Глаза ханум затуманились, она зажмурилась, сдерживая непрошеные слёзы:
– Ты прав, Сафа, теперь я должна думать о нашем ребёнке. Но дай Аллах долгих лет жизни тебе, дорогой!
В конце месяца раби-сани 953 года хиджры[10] вольное ногайское войско было готово выступить в поход. С берегов Итиля прибыла весть о воцарении на казанском троне хана Шах-Али. Весть эта поторопила Сафа-Гирея, и уже на следующий день хан-изгнанник возглавил ногайскую конницу. Его не страшил Шах-Али, судя по словам гонца, ставленник Москвы опять не пришёлся ко двору. Стоило касимовцу появиться под стенами Казани, как начались раздоры между московитами и казанцами. Новый хан привёл к столице три тысячи касимовских казаков и тысячу стрельцов, а казанцы отказывались впустить воинов в пределы столицы. Шах-Али пребывал в опасениях и не хотел лишаться крепкой поддержки. Он несколько дней жил в шатре под стенами города, вёл бесконечные переговоры с казанскими карачи. Вельможи ханского дивана потрясали договором, кричали о его нарушении, согласно бумаге воинская сила извне не должна была переступать врат Казани. Наконец Шах-Али смирился и въехал в столицу лишь с сотней личной охраны. Не впустили в город и русского посла с воеводами, указали им поселиться в предместьи. Шах-Али исполнил и эти требования дивана, но казанцы не унимались, выдвигали всё новые и новые условия. В подобном положении Шах-Али очень скоро почувствовал себя пленником, а не господином.
Полученные сведения порадовали Сафа-Гирея, Шах-Али оказался не таким уж желанным правителем для Казанской земли, и Гирей мог с лёгким сердцем выступать в поход, надеясь на успех. Беклярибек Юсуф благословил зятя на победу, сказал ему напутственное слово, а потише, только для его ушей, добавил:
– Помни о нашем разговоре, хан.
Сафа-Гирей склонил голову, как будто соглашаясь, но ничего не ответил. Беклярибек тяжело вздохнул, упрям крымец, может, и будет помнить о его предупреждениях, да недолго.

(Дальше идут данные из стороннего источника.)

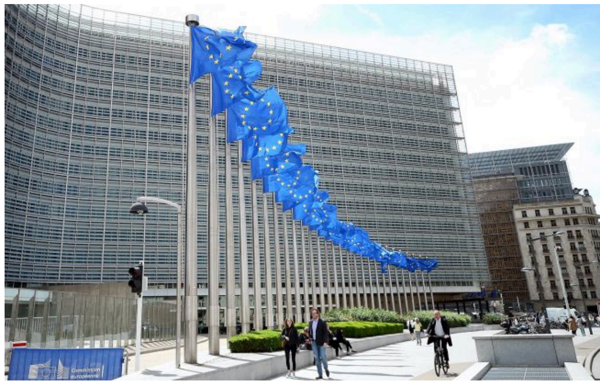
Фото: ЄС відклали санкції на 9 місяців (Getty Images)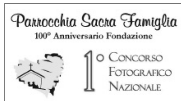
Il logo del Concorso

La copia del bando e della relativa scheda di partecipazione potranno essere ritirate in parrocchia o essere scaricate dal sito internet www.asfotofr.it .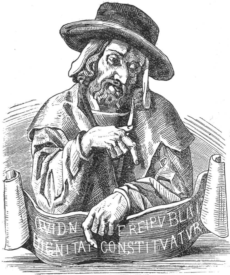
Prophet, hölzernes Bild im Großrathssaale.

Der Bau von 1608 und die daran sich knüpfende innere Ausschmückung des Rathhauses gab Anlaß, auf größere Ordnung und Abstellung verschiedener Mißstände im Hofe des Hauses bedacht zu sein. Um die Gemälde zu schonen, wurden die Harzpfannen an der Rathsstege durch eine Laterne ersetzt. Um „allerley Gefindlin, als Tauner, Landstreicher, welsche Maurer Handwerksgeßellen, Lieder- und andere Krämer, welche mit Ops und Anderem viel Unrath verursachten, und die Buben, so sich Spielens und allerley Muthwillens anmaßen,“ vom Rathhause fern halten zu können, versah man die drei Bogen gegen den Markt mit eisernen Gitterthoren. Die in der Vorhalle beiderseits stehenden Kramhäuslein wurden beseitigt, in der Meinung, daß „an deren Statt denkwürdige Historien gemalt werden könnten.“ Die denkwürdigen Historien wurden auch wirklich sogleich nachher an diese Wände gemalt: Bock's Bilder, Josaphat und Herodes.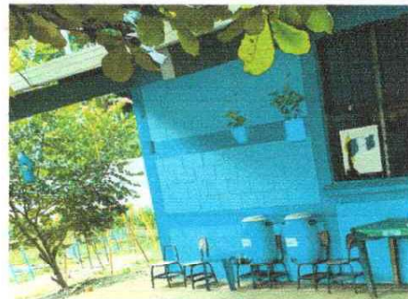
Foto 6: Se observa la necesidad de conformar ventana y colocacion de un balcon

Observación: Si es necesario se pueden agregar hojas adicionales y actualizar el número de hojas.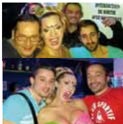
Soirée Arcolan au bar le Paupotin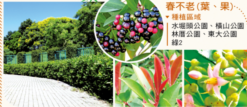
春不老(葉、果) ▼種植區域 | 水堀頭公園、橫山公園 | 林厝公園、東大公園 | 線2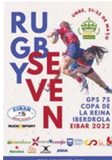
Eibarrek hartuko ditu azken jardunaldiak.

GPS 7s Reina Iberdrola Kopako finalak Eibarren jokatu dira datoren asteko asteburuan. Bi jardunaldiak 09:00etan hasiko dira eta egun osoan jokatu dira. Eibar Rugby Taldeak Rucksport agentziarekin antolatutako egitarauan entretenimendu-guneak prestatu ditu (jantzi-erdi, musika eta zozketak) "bertaratzen diren zaletu guztiek giro onenaz goza dezaten". Ohorezko mailako 12 taldek seven modalitatean jokatu dute Unben, zapatuan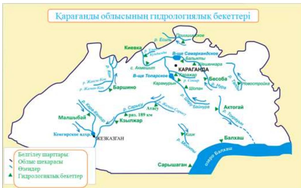
5 сурет. Қарағанды облысының гидрологиялық бекеттері

2018 жылы "Қазгидромет" РМК жұмыс жоспарына сәйкес Қарағанды облысының аумағында 19 гидрологиялық бекетте: 17 өзен және 2 көл бекеттерінде бақылау жүргізілді (5 сурет). Бекеттер облыстың негізгі су объектілерін бақылаумен қамтиды.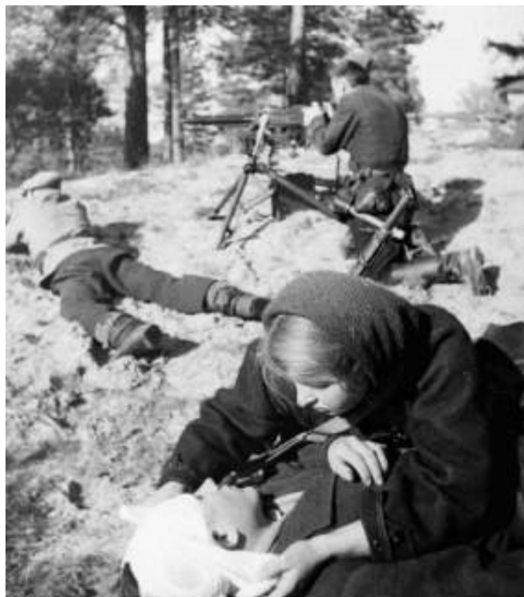
Бой партизан в Белоруссии, 1943 год.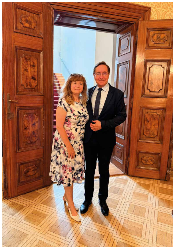
Představitelé pořadatelů semináře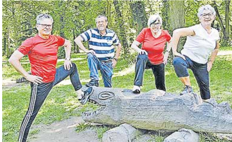
An frischer Luft und in der Gruppe machen die Fitness-Übungen doppelt Spaß. Kraft, Koordination und Ausdauer werden so gestärkt.

Durch gezielte Übungen sollen Geist und die Gelenke beweglich gehalten werden. Durch ein abwechslungsreiches Training werden Ausdauer, Kraft und Koordination sowie die allge-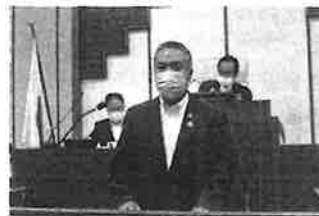
副議長就任あいさつ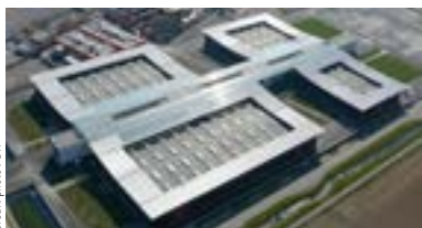
Vue aérienne de l'usine « Joseph Szydowski » de Bordes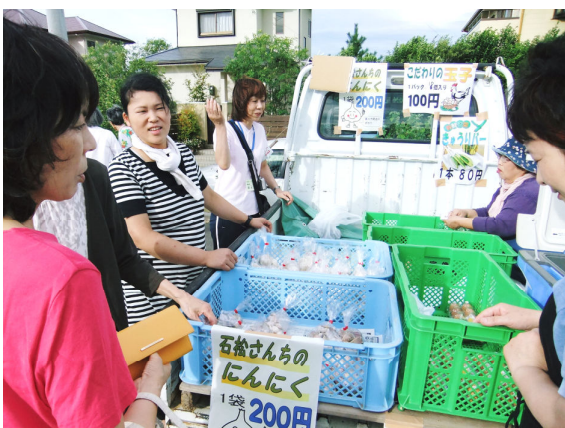
お店の人との会話も楽しい軽トラ市

地域づくり部会では、11月に も軽トラ市の開催を予定してい ます。（地域づくり部会 井上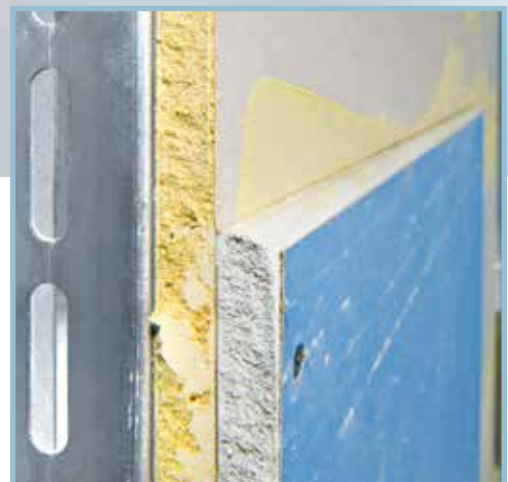
Knauf Safeboard – einfache Sichtkontrolle durch gelben Kern.

Blei war gestern – Knauf Safeboard ist heute.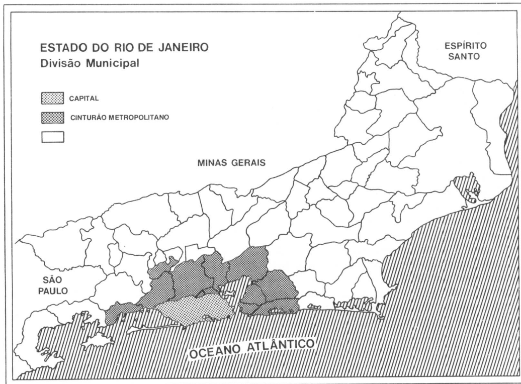
Figura 1. Mapa do Estado do Rio de Janeiro, segundo regiões.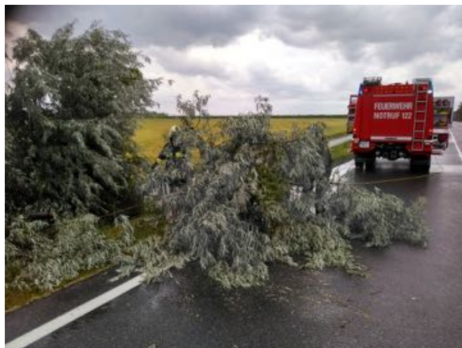
Unwettereinsatz am 22.06.2019 auf der B7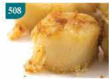
508 日本煮食用帶子(需熟食) 約1kg/U-10 零售價：$248 會員價$198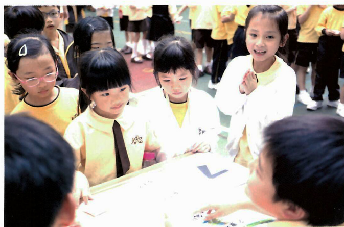
中文科「語文樂滿紛」攤位遊戲，提升學生學習中文的興趣。

入的了解。一年級學生學習與公園有關的主題，所以到香港動植物公園，認識公園設施和動植物；三年級的學生到何文田社區，實地考察社區內的各項設施和不同種類的房屋。學生更有機會負笈海外，如台灣、上海、日本及新加坡等地，進行不同主題的學習，見識當地的文化。

Ещё накануне беклярибек Юсуф пригласил к себе Гирея и говорил с ним о политике:
– Смири свою гордыню, хан, помирись с Москвой. Слишком сильна она стала, чтобы ссориться с ней. А нами, потомками Великой Орды, утеряна сила, которая держала в крепком кулаке улусы и завоёванные земли. Москва уже не помнит, как ездила кланяться в Сарай, как платила дань. Ныне мы сами друг другу враги, грызёмся, делим власть в собственных юртах, забыли о братстве тех, кто привержен истинной вере, кто помнит заповеди Чингисхана. А Русь сильна. О, как выросла она с той поры, как ваш дед, могущественный Менгли-Гирей, побил татар Большой Орды! Ты думаешь, мне, старику, хочется ломать перед ними спину, э-хе-хе! Не за себя я боюсь, а за свой юрт. С таким врагом пусть лучше худой мир, чем хорошая ссора.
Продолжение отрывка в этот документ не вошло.